Fair winds and following seas. You will be remembered.


An excellent write up by FBL on the services to honor Lex yesterday,

11 responses to “Requiem For A Fighter Pilot

  1. Great post Bill…

  2. Thanks, Bill – that was well said. Our prayers are with his family.

    • Bob & Dave. Appreciate the comments. I agree we need to direct prayers, condolences and help to the LeFon family where ever possible.
      It’s good to have have participated with you within the “Lex” community over the years.
      B/R Wilko

  3. I still can’t believe it. We’re lucky to have known him. I hope Whisper can keep going, in tribute to the man. Sorely missed.

    • There’s a lot of activity at Kris’ Neptunus Lex Facebook page. While we hope Whisper can keep it going, the commenters are not only active but many have indicated their identities within their own FB pages. You should join in!

      • It’s saying it’s not available at the moment, but I will keep trying. Hope everything is good with you.

      • Thanks for the best wishes from Oz Chris.
        All is well here-not sure why that message came across and the site seemed to open normally. Maybe a connection was lost in the Outback??

        I went flying yesterday and had a close call with a T-Storm. Funny how I can’t think of some aviation exploit and not think about our connection to Carroll LeFon. A mentor in the blogosphere if there ever was one.

      • I once promised Lex a flight over Sydney Harbour when he revisited Oz, which he was keen to do. If you ever decide to travel down here, give me a heads up so I can share with you what I can no longer share with him.

      • You’re on mate! I apprecaite the offer and the same holds true if you find yourself in Chicago. The scenery is pretty flat and there’s no reef of any kind, but they do have Guinness…for strength!

  4. virgil xenophon


    Blue Four here I know, but a really fine remembrance, Wilko. We’re all going thru our withdrawal symptoms i various ways judging from the comments at Lexs’ place. There’s part of me that is quite empty now as I contemplate the loss of not ONLY a really first-class person but also of the inevitable loss of the community–and a fairly unique one at that, even for milblogs–that had gravitated to Lex’s unique writing style and persona. A stark reminder of what should be the obvious fact that life is truly dynamic and nothing is forever.

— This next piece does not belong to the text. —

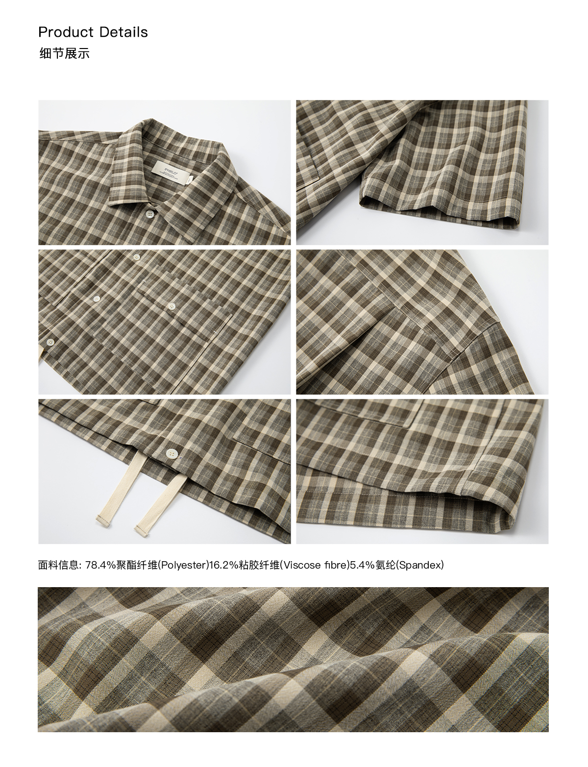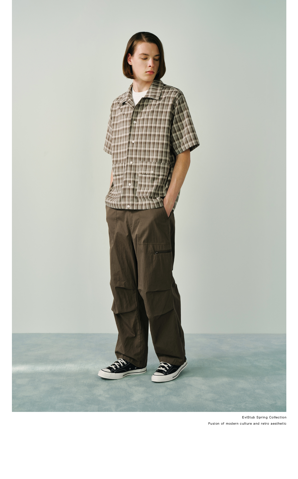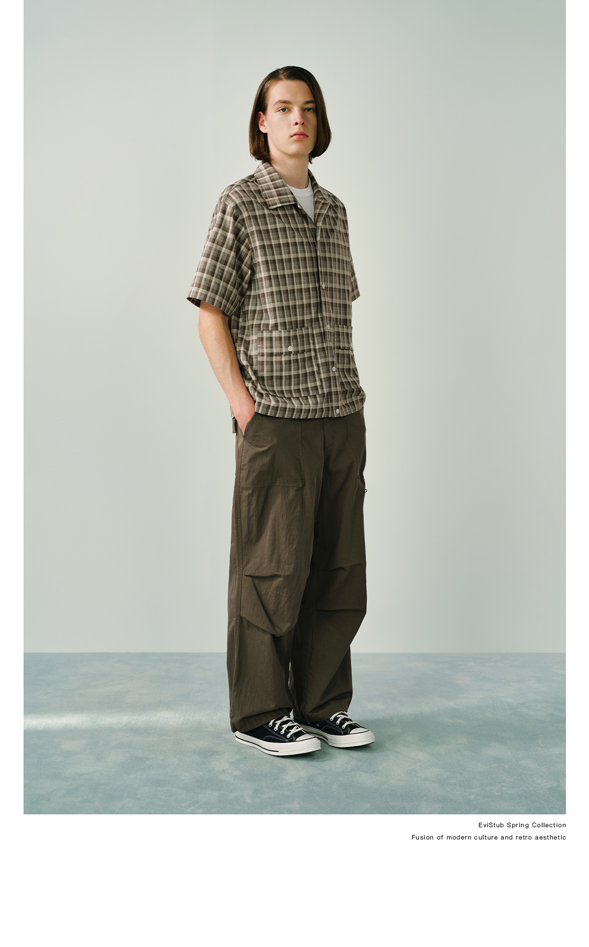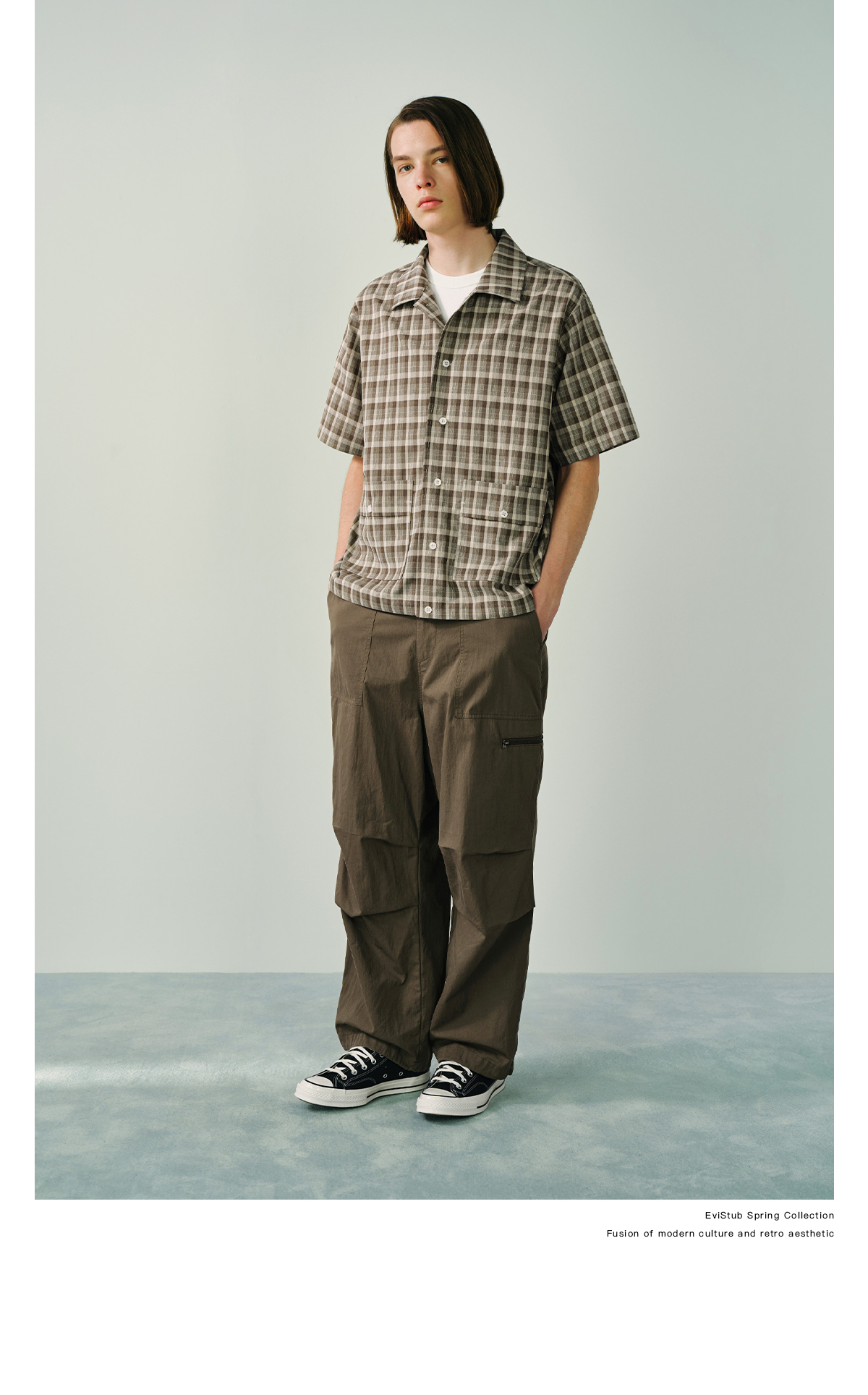 EviStub/E-5CCS230/进口色织格纹抗皱垂感复古日系古巴领短袖衬衫

    Hope all is well with you. Notice this place has become relatively dormant. Press of business, or had the newness worn off? What Lex did is a LOT of work, considering his other family and business obligations–I always marveled at his dedication to the effort to keep things fresh, current and interesting with just the right judicious and unique mix of humor, politics, flying matters and military policy and strategy and, last, but not least, visiting the fascinating world of our comrades-in-arms from the distaff side, lol.

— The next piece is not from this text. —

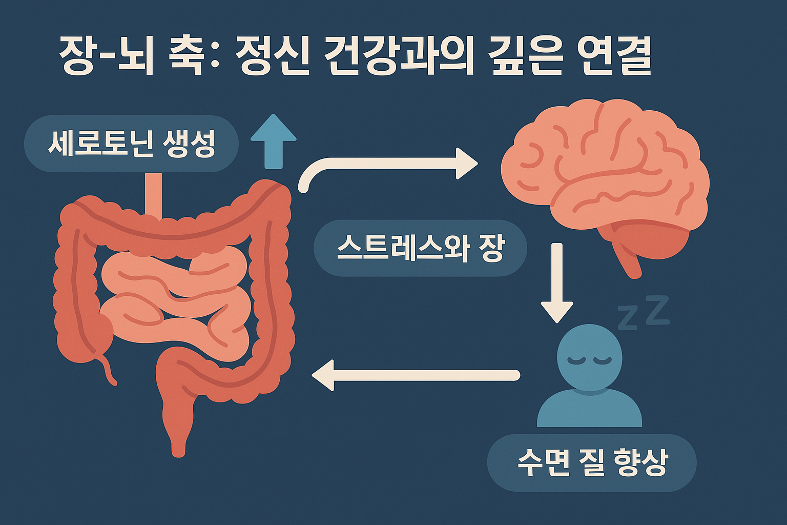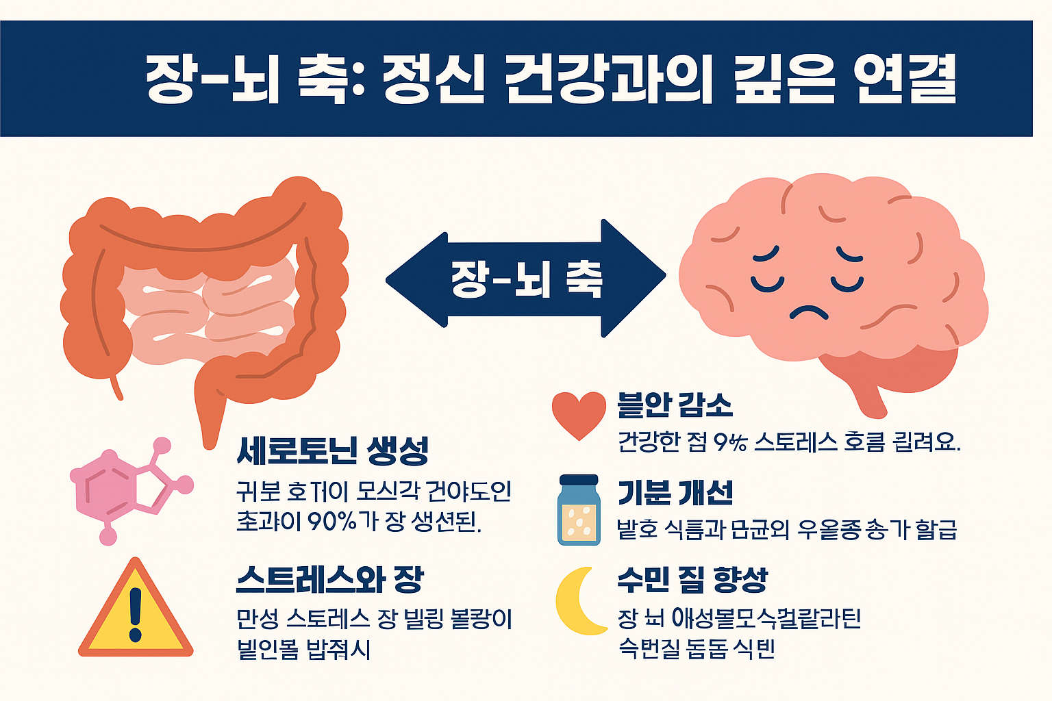 - 스트레스와 장: 만성 스트레스는 장내 미생물 균형을 깨뜨리고, 이는 다시 불안과 우울증을 유발할 수 있어요.

    • Always good to hear from you VX.
      Lex created the gold standard of weblogs and the community he fostered was altogether unique. His posts entertained, challenged and educated and the commentary was some of the best anywhere. (P.S.-Barbancourt owes you royalty money!)
      Neptunus Lex was my inspiration for creating “Blue Side Up” three years ago this month. I was thrilled when Lex listed me as “wingman” and enjoyed our occasional e-mails.

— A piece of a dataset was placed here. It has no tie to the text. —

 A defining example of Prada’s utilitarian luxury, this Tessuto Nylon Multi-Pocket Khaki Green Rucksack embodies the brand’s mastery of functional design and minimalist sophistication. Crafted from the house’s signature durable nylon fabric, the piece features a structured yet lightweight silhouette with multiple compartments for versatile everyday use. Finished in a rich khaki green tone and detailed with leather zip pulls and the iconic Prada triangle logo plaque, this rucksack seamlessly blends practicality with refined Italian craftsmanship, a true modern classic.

      I apologize for the sparseness of recent postings. In fact, it does take effort at the end of the day when the press of business, as you say, demands increasingly more time. Gratefully, I’m blessed with a wonderful family including grandchildren. I really couldn’t ask for more.
      Well—maybe more time in a day. That would be nice. That’s something else that I had e-mailed to Lex: How did he do it? Putting together a post thousands would want to read takes time and he did it regularly. Awe inspiring. I have some catching up to do.

      Best wishes to you and yours, whether you’re on the left coast or New Awlins.